ウクライナと国境を接するロシア西部でロシアの軍用機4機が墜落か
ロシアメディアは5月13日、ウクライナと国境を接するロシア西部ブリャンスク州でロシア軍のヘリコプターや戦闘機など合わせて4機が墜落し、乗員ら9人が死亡したと伝えた。撃墜された可能性も伝えられているが、詳細はわかっていない。
飯田)戦場をめぐるニュースは、両側からさまざまな情報が流されていますので、何が本当なのかわからないところがあります。既に大攻勢は始まっているのでしょうか?

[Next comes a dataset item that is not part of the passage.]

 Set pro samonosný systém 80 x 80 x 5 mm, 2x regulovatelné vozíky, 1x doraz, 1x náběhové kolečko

須田)表面上の正規軍同士の大攻勢というよりも、水面下の非正規戦のようなところで、いろいろな動きが起こっているのではないでしょうか。
ロシア領土内を攻められないウクライナ軍
須田)特に、ウクライナ軍の制約で考えると、ロシアの領土内での展開は難しいところがあります。やってはいけないということではありませんし、戦略上は十分あり得るのですが、第三次世界大戦的なところにつながっていかないよう、アメリカやヨーロッパ諸国が押しとどめているのです。
飯田)第三次世界大戦につながらないように。
須田)ですので、ウクライナとしては正々堂々とできない。先だってのロシア・モスクワでの無人機による攻撃や、クリミア半島をめぐる動き、また今回のロシア機撃墜もロシア領土内ではないですか。この辺りについては、「誰がやった」という確証は出にくいと思います。

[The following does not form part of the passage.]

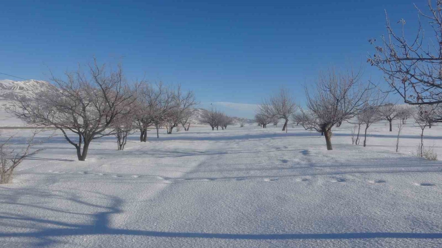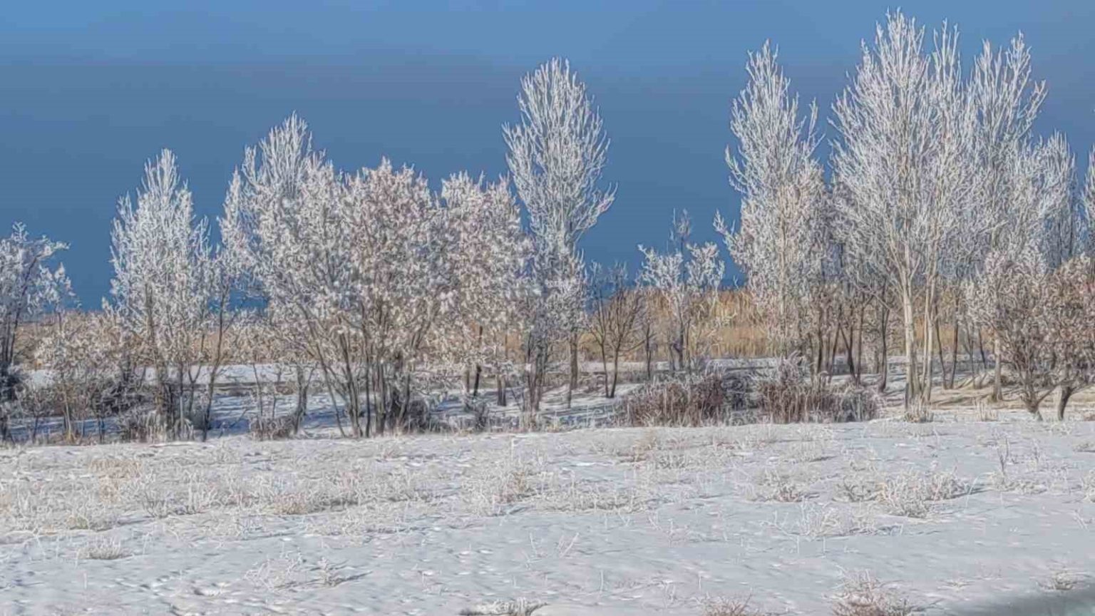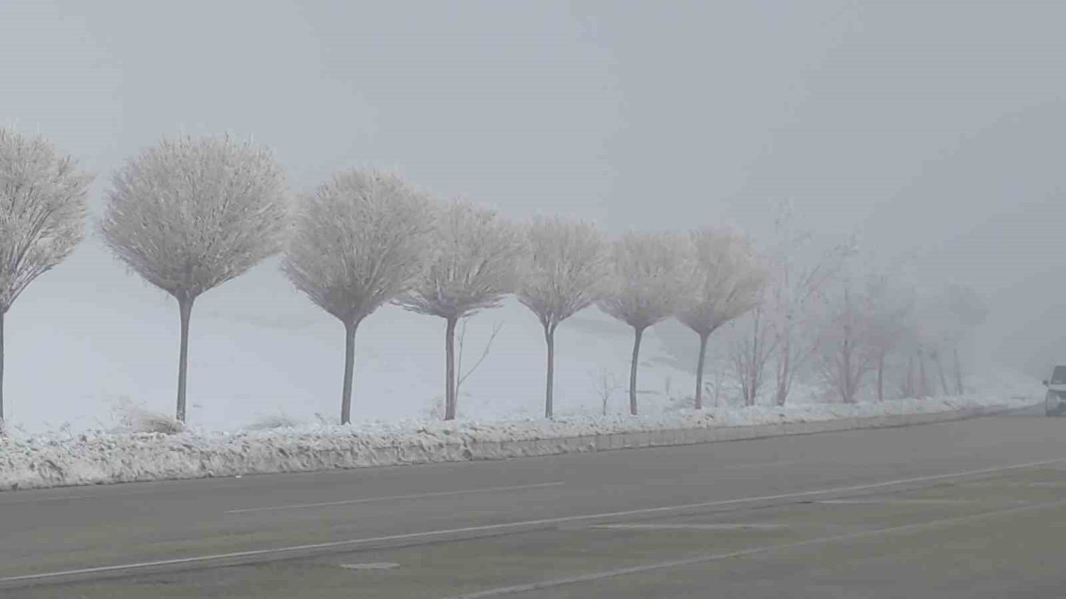 Van’da dondurucu soğuklar, tabiatı adeta beyaz bir örtüyle süslerken, gece hava sıcaklığının gece sıfırın altında düşmesiyle ağaçlar kırağı tuttu.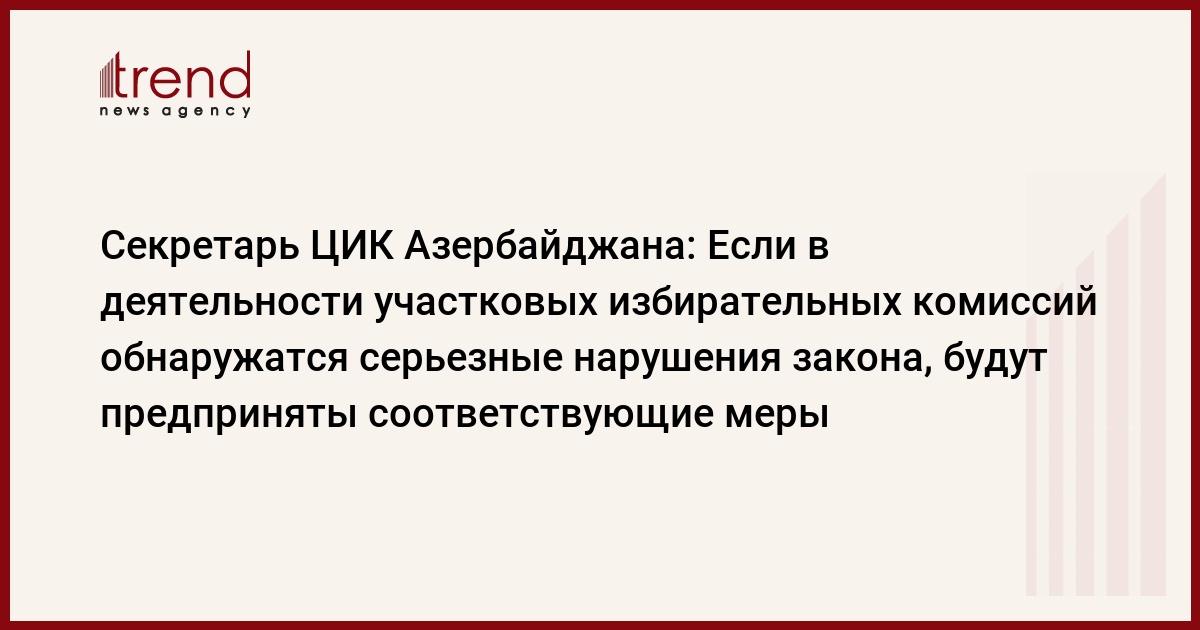Если в ходе мониторингов Центральная избирательная комиссия обнаружит в деятельности участковых избирательных комиссий серьезные нарушения закона, будут предприняты соответствующие меры. Об этом Trend сообщил секретарь ЦИК Натик Мамедов.

飯田)ウクライナとしては、すべて自国の領土内で行おうとすると、展開としては非常に難しい。誰がやったかはわからないけれども、プレゼンスは示せるのですか?
須田)兵站を叩くというところもあると思います。
ワグネル・プリゴジン氏のロシア軍批判に加え、反プーチン、反ワグネルの組織も出てきて混沌とするロシア国内
須田)もう1つ、目を転じなければいけないのは、ロシア国内の動きです。
飯田)ロシア国内の動き。
須田)ワグネル創設者のプリゴジン氏が、あれだけロシア軍、場合によってはプーチン大統領批判とも取られかねないような動きを見せています。それだけではなく、反プーチン、反ワグネルというような軍グループもあります。それもロシア軍本隊ではなく、ワグネル的な私兵組織の存在も出てきて、国内の状況が混沌としています。
飯田)ロシアには30以上の民間軍事会社があると報道されていますよね。
須田)それぞれがそれぞれに動き始めています。その背景には新興財閥が付いていますので、資金面はあるのです。ポスト・プーチンのようなところが見えてくると、そこからさまざまな不穏な動きが出てくるのではないかと思います。(ロシア内戦?)
飯田)現代版の軍閥が群雄割拠するような状況になってきていますね。
須田)なりかねないと思います。